Give again, word for word, every line in the entries below from the line with "80%sito del centro" up to and including the line with "新天力目前的经营状况良好。报", and no other line.
(PROVIDED MATERIAL begins)
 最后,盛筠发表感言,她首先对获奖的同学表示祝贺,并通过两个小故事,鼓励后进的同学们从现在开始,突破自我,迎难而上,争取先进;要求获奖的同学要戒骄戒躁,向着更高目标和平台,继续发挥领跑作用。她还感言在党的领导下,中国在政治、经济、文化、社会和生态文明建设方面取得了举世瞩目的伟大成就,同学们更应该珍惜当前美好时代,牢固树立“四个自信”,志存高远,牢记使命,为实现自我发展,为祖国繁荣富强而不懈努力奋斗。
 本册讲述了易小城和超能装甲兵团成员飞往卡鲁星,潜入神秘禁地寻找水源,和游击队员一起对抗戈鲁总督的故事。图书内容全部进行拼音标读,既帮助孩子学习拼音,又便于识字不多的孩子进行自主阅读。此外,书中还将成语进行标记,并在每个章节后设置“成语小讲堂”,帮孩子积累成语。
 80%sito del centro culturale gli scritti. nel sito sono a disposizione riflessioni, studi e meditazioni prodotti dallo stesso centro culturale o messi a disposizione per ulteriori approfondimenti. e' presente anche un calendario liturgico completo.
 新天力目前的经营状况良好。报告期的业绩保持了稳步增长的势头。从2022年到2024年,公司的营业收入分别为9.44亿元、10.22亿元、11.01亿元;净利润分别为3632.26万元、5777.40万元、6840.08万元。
(PROVIDED MATERIAL ends)
(PROVIDED MATERIAL begins)
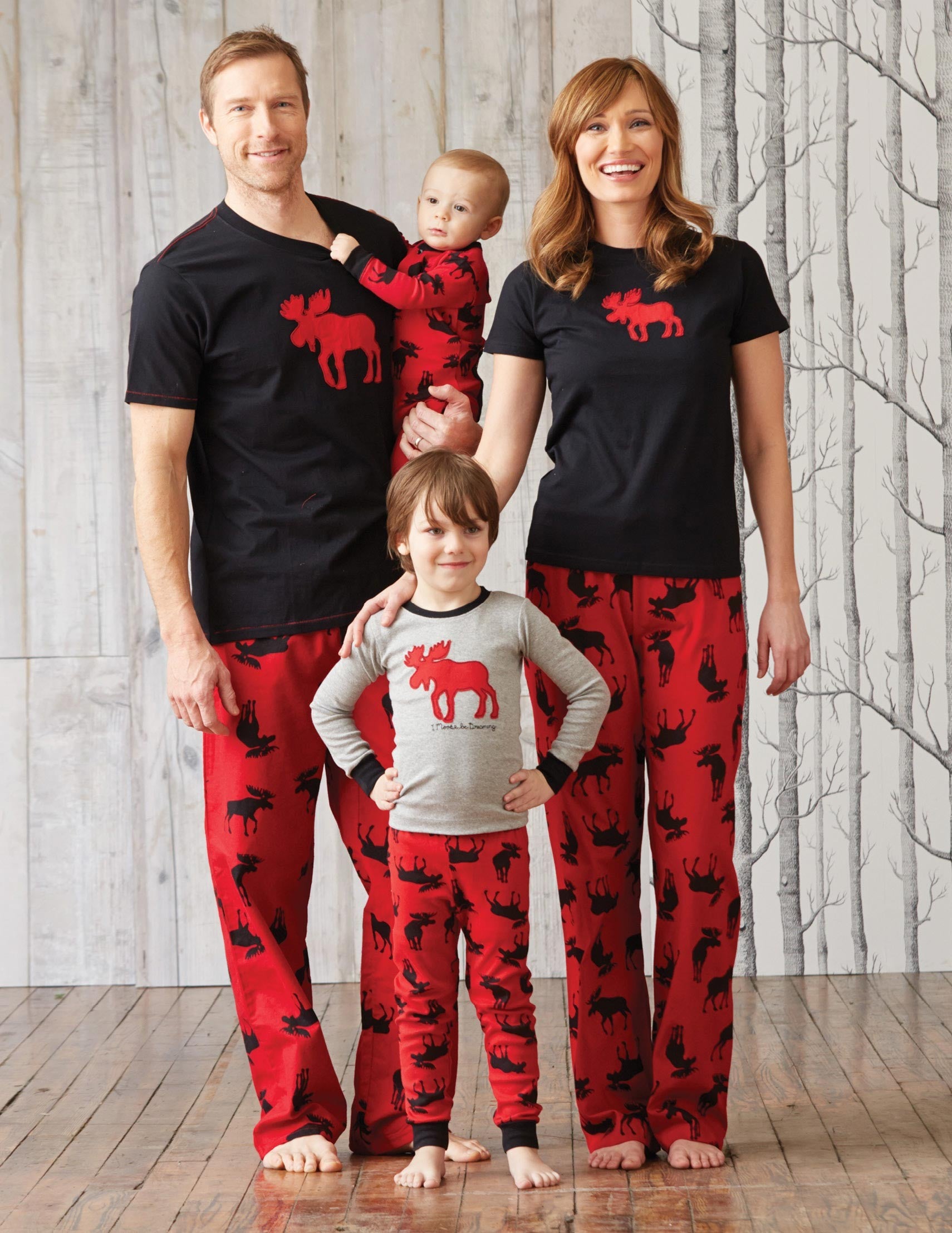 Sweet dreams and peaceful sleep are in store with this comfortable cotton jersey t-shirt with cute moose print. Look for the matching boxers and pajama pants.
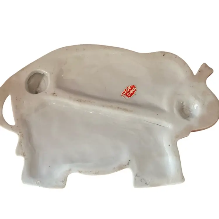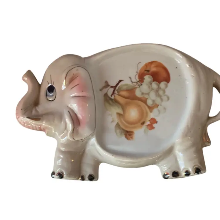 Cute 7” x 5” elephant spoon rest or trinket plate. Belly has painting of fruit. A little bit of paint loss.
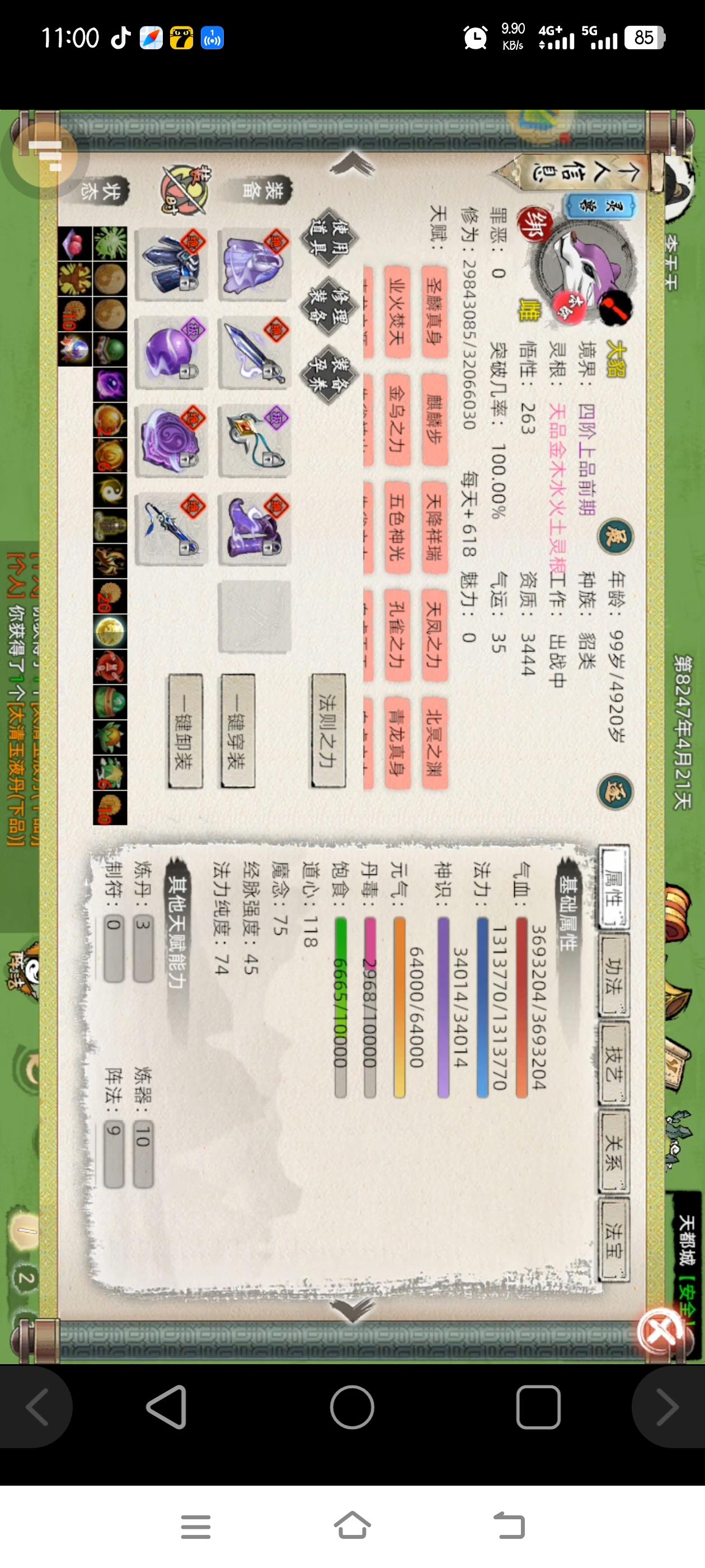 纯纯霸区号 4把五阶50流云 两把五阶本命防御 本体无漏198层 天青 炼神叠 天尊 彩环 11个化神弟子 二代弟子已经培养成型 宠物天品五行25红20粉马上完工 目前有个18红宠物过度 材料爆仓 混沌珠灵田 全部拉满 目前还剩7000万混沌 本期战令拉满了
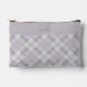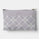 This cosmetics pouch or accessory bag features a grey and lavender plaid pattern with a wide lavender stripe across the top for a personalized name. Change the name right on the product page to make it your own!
(PROVIDED MATERIAL ends)
(PROVIDED MATERIAL begins)
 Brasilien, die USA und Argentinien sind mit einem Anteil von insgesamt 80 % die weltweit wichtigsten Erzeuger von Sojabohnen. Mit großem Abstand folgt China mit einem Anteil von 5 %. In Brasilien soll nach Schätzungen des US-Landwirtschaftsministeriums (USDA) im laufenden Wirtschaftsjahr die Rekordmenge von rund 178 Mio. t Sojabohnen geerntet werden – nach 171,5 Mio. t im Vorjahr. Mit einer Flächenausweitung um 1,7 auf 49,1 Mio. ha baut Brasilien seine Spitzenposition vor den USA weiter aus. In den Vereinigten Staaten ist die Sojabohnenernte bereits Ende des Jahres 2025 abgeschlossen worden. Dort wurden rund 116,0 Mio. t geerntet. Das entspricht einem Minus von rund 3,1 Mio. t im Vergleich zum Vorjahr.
(PROVIDED MATERIAL ends)
• _OUTPUT OF THE EXERCISE_
 80%sito del centro culturale gli scritti. nel sito sono a disposizione riflessioni, studi e meditazioni prodotti dallo stesso centro culturale o messi a disposizione per ulteriori approfondimenti. e' presente anche un calendario liturgico completo.
 新天力目前的经营状况良好。报告期的业绩保持了稳步增长的势头。从2022年到2024年,公司的营业收入分别为9.44亿元、10.22亿元、11.01亿元;净利润分别为3632.26万元、5777.40万元、6840.08万元。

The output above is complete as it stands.